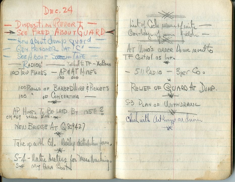 Here are some more scans from my grandfather’s notebook. I interesting how much one can learn form just notes taken for that day’s activities. Also, you can tell something from what is not there as well. Notice what is written for Christmas Eve of 1944. "Ask Fred about guard", "See about scotch tape", "AP mines to be laid at 125E?" Nothing much said about the holiday.
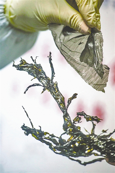 福建省水產(chǎn)加工流通協(xié)會(huì)的報(bào)告稱(chēng),受謠言的影響,該省紫菜產(chǎn)業(yè)保守估計(jì)損失將達(dá)到數(shù)千萬(wàn)元甚至上億元。為澄清傳聞,北京、福建、廣東等地近日對(duì)市場(chǎng)上的紫菜進(jìn)行了檢查或?qū)嶒?yàn)室鑒定。圖為廣州CEC食品安全檢測(cè)中心,對(duì)比干的紫菜和薄塑料袋。
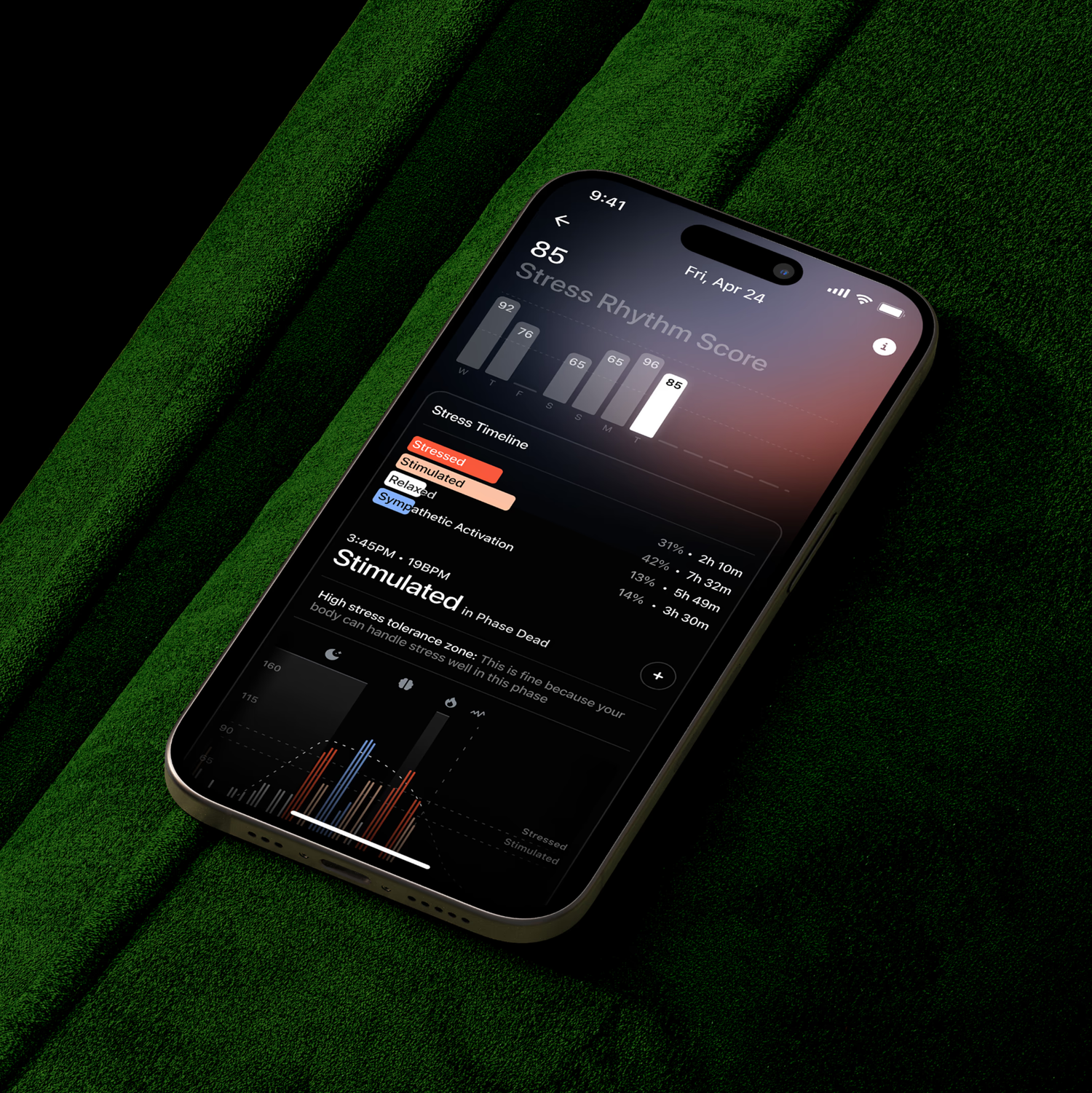 一項全新的功能,幫助您解讀壓力情況。此分數綜合考慮心率 (HR)、心率變異性 (HRV) 和靜息心率 (RHR) 的變化,並結合您的生理節律,提供詳細的壓力評估。它可以告訴您當下的狀態是「受刺激」、「放鬆」還是「壓力中」。

#### Work to complete
Word for word, print the material above, but without its pictures.

#### Problem solution
 Here are some more scans from my grandfather’s notebook. I interesting how much one can learn form just notes taken for that day’s activities. Also, you can tell something from what is not there as well. Notice what is written for Christmas Eve of 1944. "Ask Fred about guard", "See about scotch tape", "AP mines to be laid at 125E?" Nothing much said about the holiday.
 福建省水產(chǎn)加工流通協(xié)會(huì)的報(bào)告稱(chēng),受謠言的影響,該省紫菜產(chǎn)業(yè)保守估計(jì)損失將達(dá)到數(shù)千萬(wàn)元甚至上億元。為澄清傳聞,北京、福建、廣東等地近日對(duì)市場(chǎng)上的紫菜進(jìn)行了檢查或?qū)嶒?yàn)室鑒定。圖為廣州CEC食品安全檢測(cè)中心,對(duì)比干的紫菜和薄塑料袋。
 一項全新的功能,幫助您解讀壓力情況。此分數綜合考慮心率 (HR)、心率變異性 (HRV) 和靜息心率 (RHR) 的變化,並結合您的生理節律,提供詳細的壓力評估。它可以告訴您當下的狀態是「受刺激」、「放鬆」還是「壓力中」。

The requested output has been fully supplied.